Do we really need the EPA?

We don’t need the present one that’s for sure. It has become a tool for administration’s politics for one thing, it creates job loss and numerous problems. I’ll explain what I am talking about.

Some of the most productive farmland in the world is going fallow thanks to a manmade water shortage by the EPA and friends.

The Central Valley in California produces half of America’s fruits and vegetables; more than 98 percent of almonds, pistachios and walnuts, a third of U.S. dairy exports and most of our wines.

Turning the land fallow came about because of a simple 3-inch smelt fish and endangerment to the elderberry beetle that lives in the bushes. The EPA claims water pumping killed the smelt. The pumps pump the water from the delta area over the mountain to the farms and towns on the other side of the east-west mountain chain.

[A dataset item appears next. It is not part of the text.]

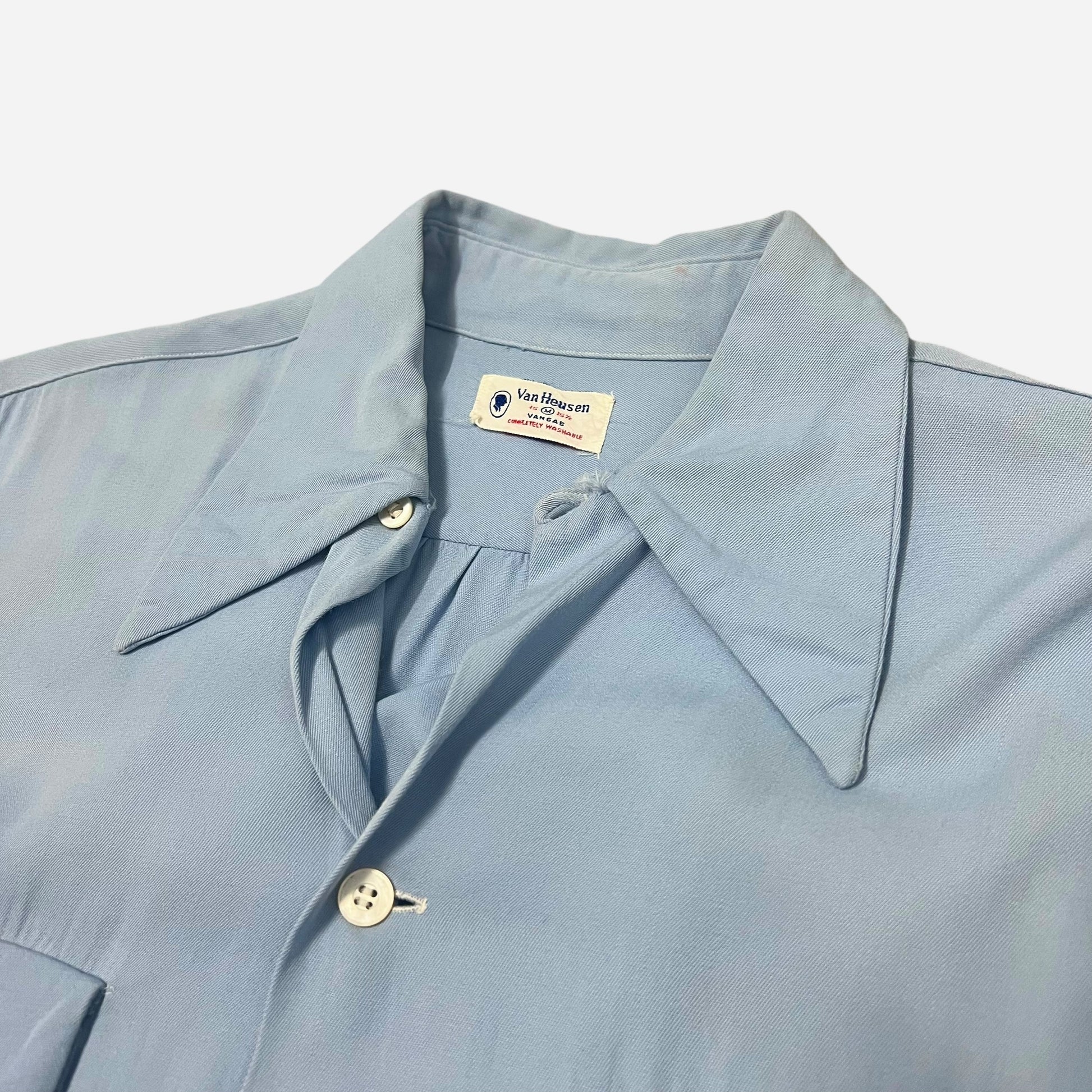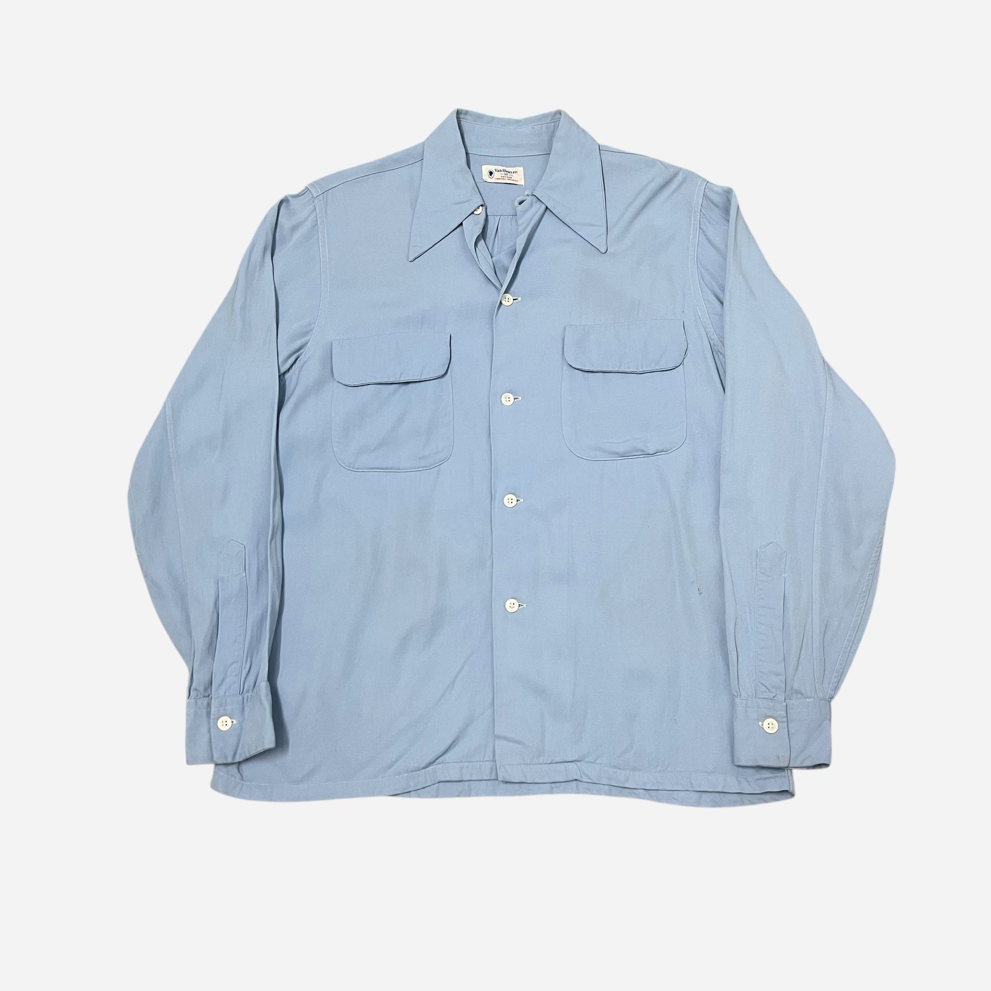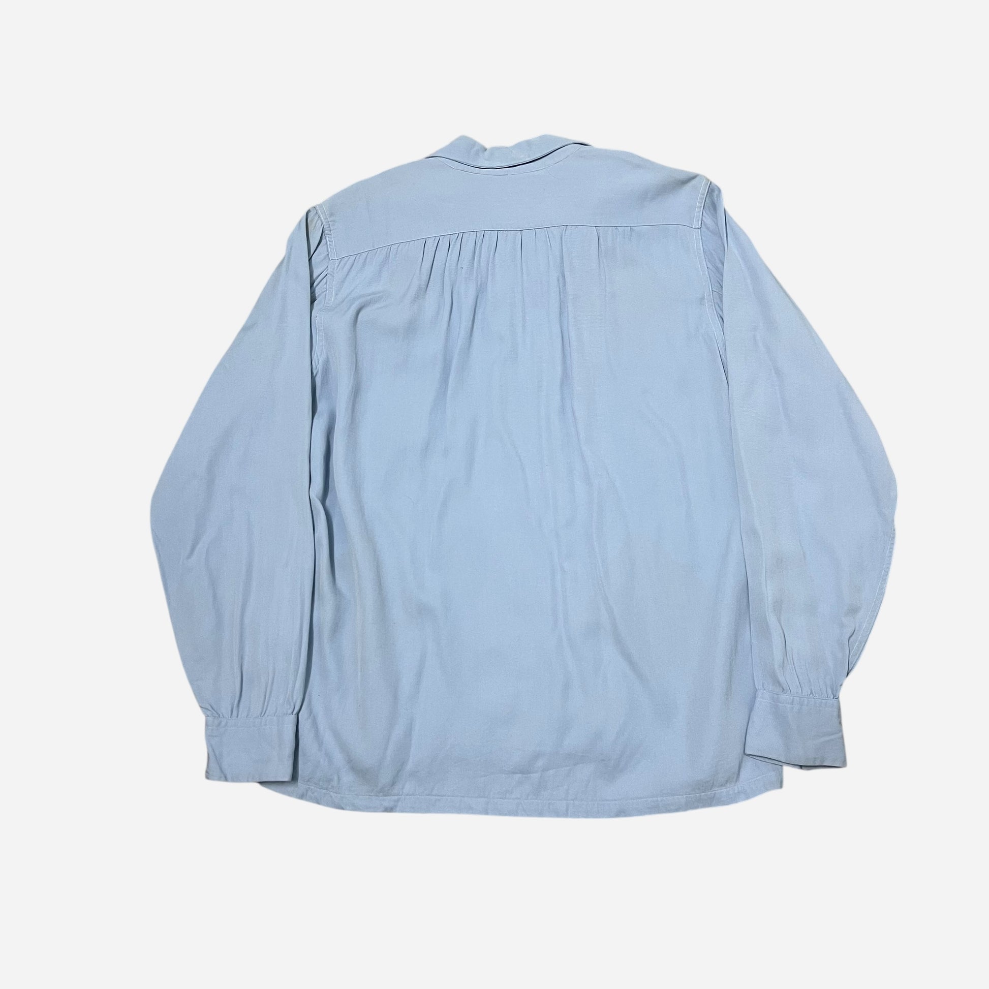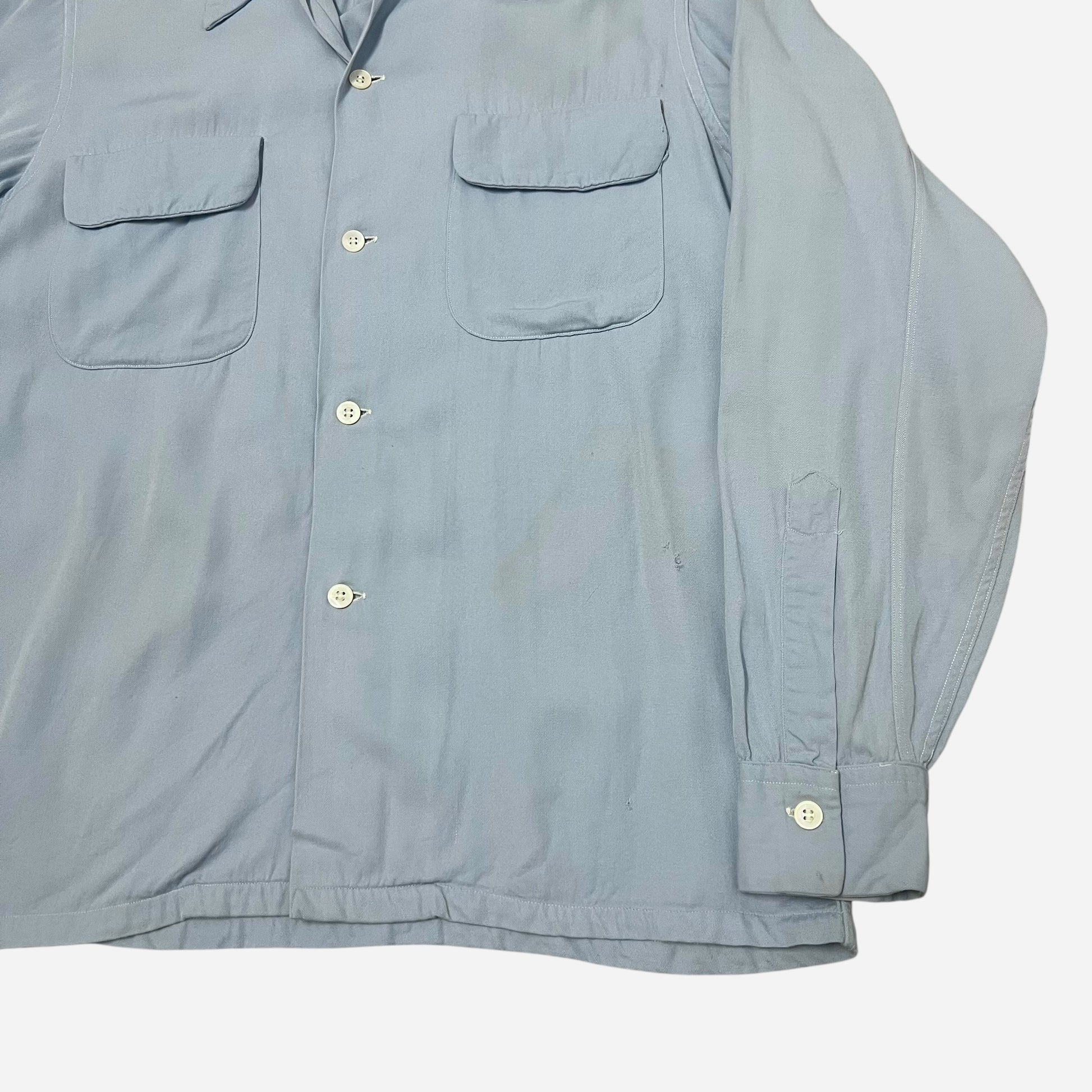 1950s Light blue rayon vangab flap pocket loop collar shirt (M/L)

For the past seven years, federal regulations have been flushing hundreds of thousands of acre-feet of water from the Sacramento San Joaquin River Delta into the San Francisco Bay on the premise of protecting the 3-inch smelt.

The San Joaquin farmers haven’t received 100 percent of their contractual water allocations from the Central Valley Project since 2006 — they only received 45 percent of the water they were due in 2010.

Once again the EPA area environmentalists won out over the farmers and their migrant workers.